The Exposure Draft outlines an approach to lease accounting that would require a lessee to recognize assets and liabilities for the rights and obligations created by leases with a maximum possible term of more than 12 months. The asset would represent the lessee's right to use the underlying asset, and the liability would recognize the lessee's obligation to make lease payments. The right-of-use asset and lease liability would initially be measured at the present value of lease payments.
The recognition, measurement and presentation of expenses and cash flows would depend on whether the lessee consumes more than an insignificant portion of the asset. For most real estate leases, a lessee would report a straight-line lease expense in its income statement. For most other leases, such as equipment or vehicles, a lessee would report amortization of the asset separately from interest on the lease liability.

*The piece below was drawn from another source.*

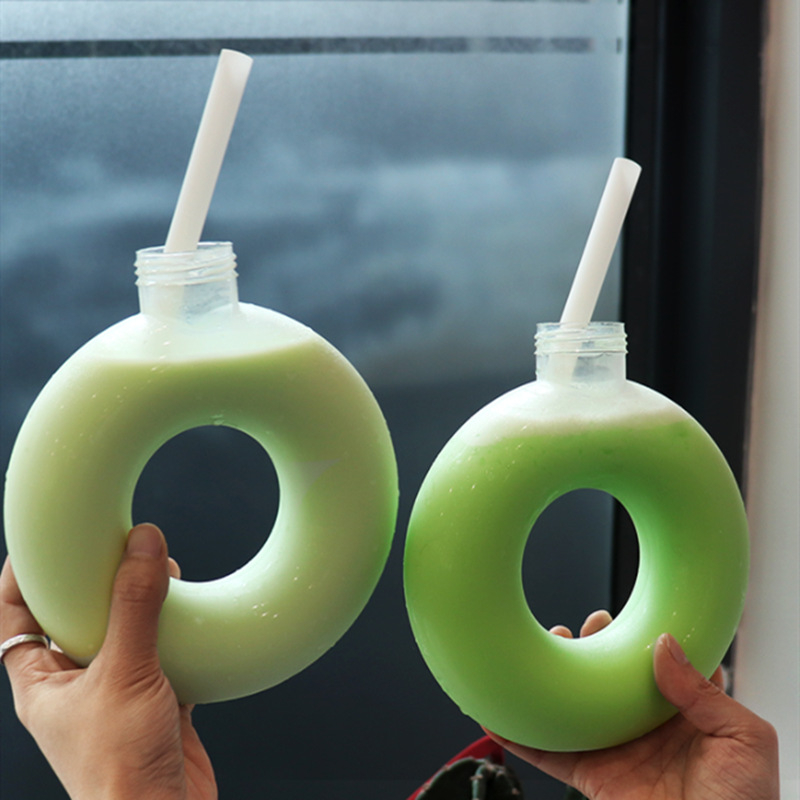 Detail (BOW) Botol Teh Jus 500Ml Dengan Bentuk Circle/Botol Minum Desain Creative Botol Susu Desain Donat

The accounting applied by a lessor would also depend on whether or not the lessee consumes more than an insignificant portion of the asset. The lessor would account for most real estate leases in a manner similar to existing operating leases. The lessor would continue to recognize the underlying asset and would recognize lease income over the lease term. Such income would typically be recognized on a straight-line basis. For most leases of assets other than property, the lessor would derecognize the underlying asset and recognize a receivable representing the right to receive lease payments and a residual asset which represents the rights relating to the underlying asset that are retained by the lessor. Any profit relating to the lease would be recognized at the commencement date while interest income would be recognized over the lease term.
In making the calculations referenced above, both the lessee and the lessor would exclude most variable lease payments. Payments to be made in optional periods would be included if the lessee has a significant economic incentive to exercise an extension or not to exercise a termination option.
For leases that have a maximum possible term, including any optional extensions, of 12 months or less, an accounting policy election could be made which would allow an entity to account for the lease in a manner that is similar to the current accounting for operating leases.
Disclosures that provide additional information regarding the amount, timing, and uncertainty of cash flows arising from leases would be required. Transition guidance indicates that all leases (including pre-existing leases) would need to be recognized and measured at the beginning of the earliest period presented.
The Exposure Draft does not specify a proposed effective date. Both the FASB and the IASB recognize that these changes to lease accounting will affect the financial statements of a vast majority of entities. This, along with other relevant factors, will be considered when determining an effective date.
Comments related to this Exposure Draft are due on September 13, 2013. It is currently anticipated that a final standard will be issued during 2014.